Son olarak bireyler olarak daha fazla içimize, kendimize döndüğümüz, özün hatırlandığı bir dönem oluyor. Şirketler için de benzer durum geçerli; sınırlı seviyelerde operasyon devam ederken insanların birbirlerine odaklanma, daha güçlü bir network olma yolunda ilerleme ve dolayısıyla da rütbe bağımsız kolektif duygu, yaratıcılık ve zekayı tekrar sentezleme fırsatları bulunuyor. Hatta mesai saatleri kavramını da bu noktada tekrar değerlendirmeye açmak da güzel olabilir.
Bu değişikliklerle nice yeni unutma ve öğrenmelere.
Bunların dışında sağlık ve yönetimsel risklerimiz artmış olsa da, değişimin olduğu yerde fırsatlar da bulunuyor. Görebildiklerimi şöyle sıralayayım:
- Dijtial ortam daha yataydır ve (kurallar etkin belirlenmişse) etkin yüksek katılıma olanak verir, toplantıdan toplantıya gitmekle harcanacak bir zaman kaybı durumu da ortadan kalkar. Bu dönemde üst yönetim görünürlüğünü artırabilir, strateji ve vizyonu daha fazla kişiye birebir ulaştırabilir, daha çok problemi birinci ağızdan duyarak çözebilir.

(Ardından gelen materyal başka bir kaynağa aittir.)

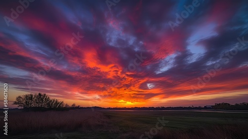 sunset over the field, generative AI
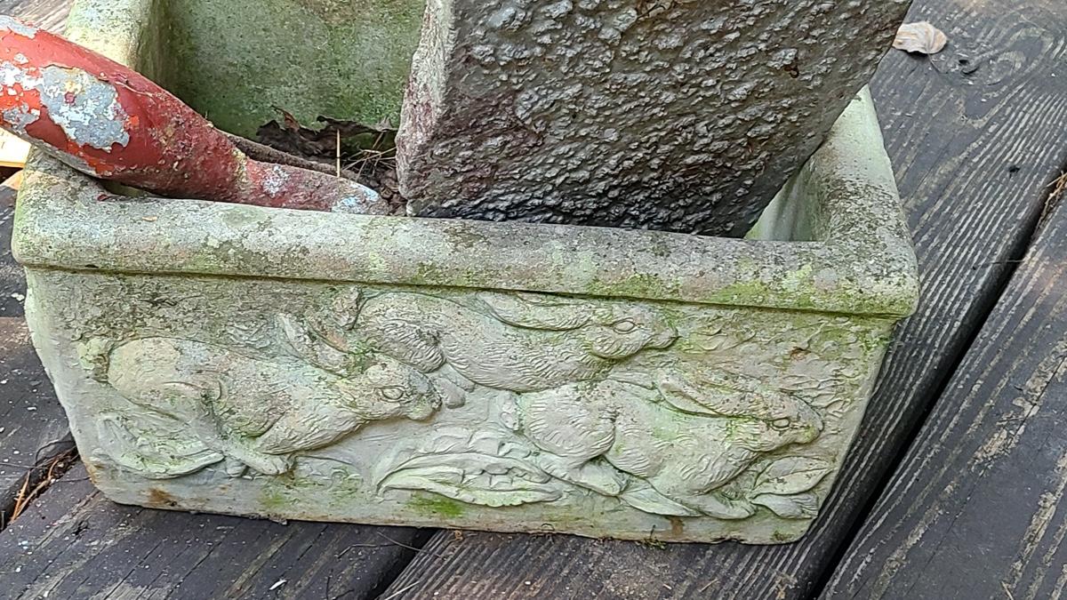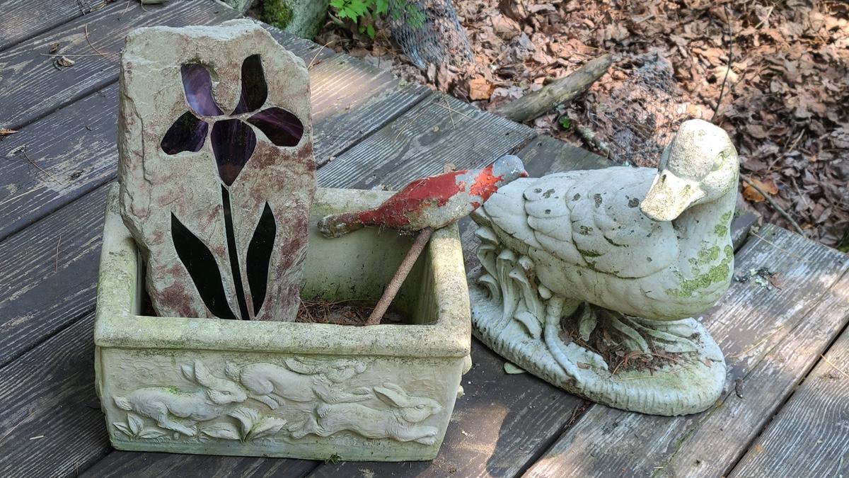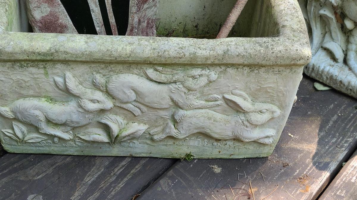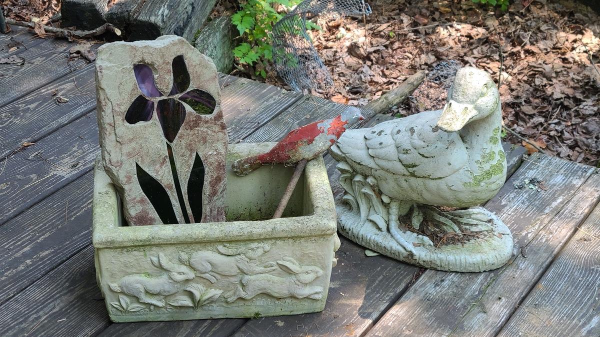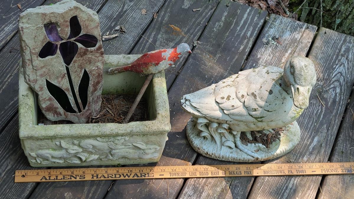 Nice lot of yard decor including concrete planter with running rabbits, a mosaic flower stepping stone (has hook to hang on wall), and ceramic duck as is. Yard art! Please see pictures as they are the best representation of the item, the condition of the item, and the size of the item.

- Kriz dönemlerini, kişilerin farklı kalitelerinin görünür hale gelebileceği fırsat dönemleri olarak değerlendirebiliriz. Çok yönlülüğün önemli hale geleceği bu dönemde şirketteki insanlar, birbirlerinin farklı özelliklerini görme fırsatı buluyor ve yargılama/değerlendirme kriterlerini değiştiriyor, ön yargılarından arınıyor olabilirler.
- Birçok insan, Agile seremonilere katılabilir. Özellikle Review’lere bir türlü gelemeyen paydaşlar, Review’lere katılarak hal hatır sorabilir, ürün/hizmet/çıktı üzerinde gözlem yaparak değerli geri bildirimler paylaşabilir.
- Organizasyondaki yüksek hiyerarşi, kriz ortamında daha büyük yük haline gelecektir. Yatay yönetimi güçlendirmek isteyen şirketler bu durumdan güç alarak, bu doğrultuda denemelerini hızlandırabilirler.
- Durum kontrol altına alındığında, insanların “iş yeri” kavramını sorgulama ve iş yerine dönmeye ne kadar motive olacağı boyutu bulunuyor. Bu noktada da mobiliteyi artırmaya bir türlü cesaret edemeyen şirketlerin cesaret bariyerleri aşılmış olacak.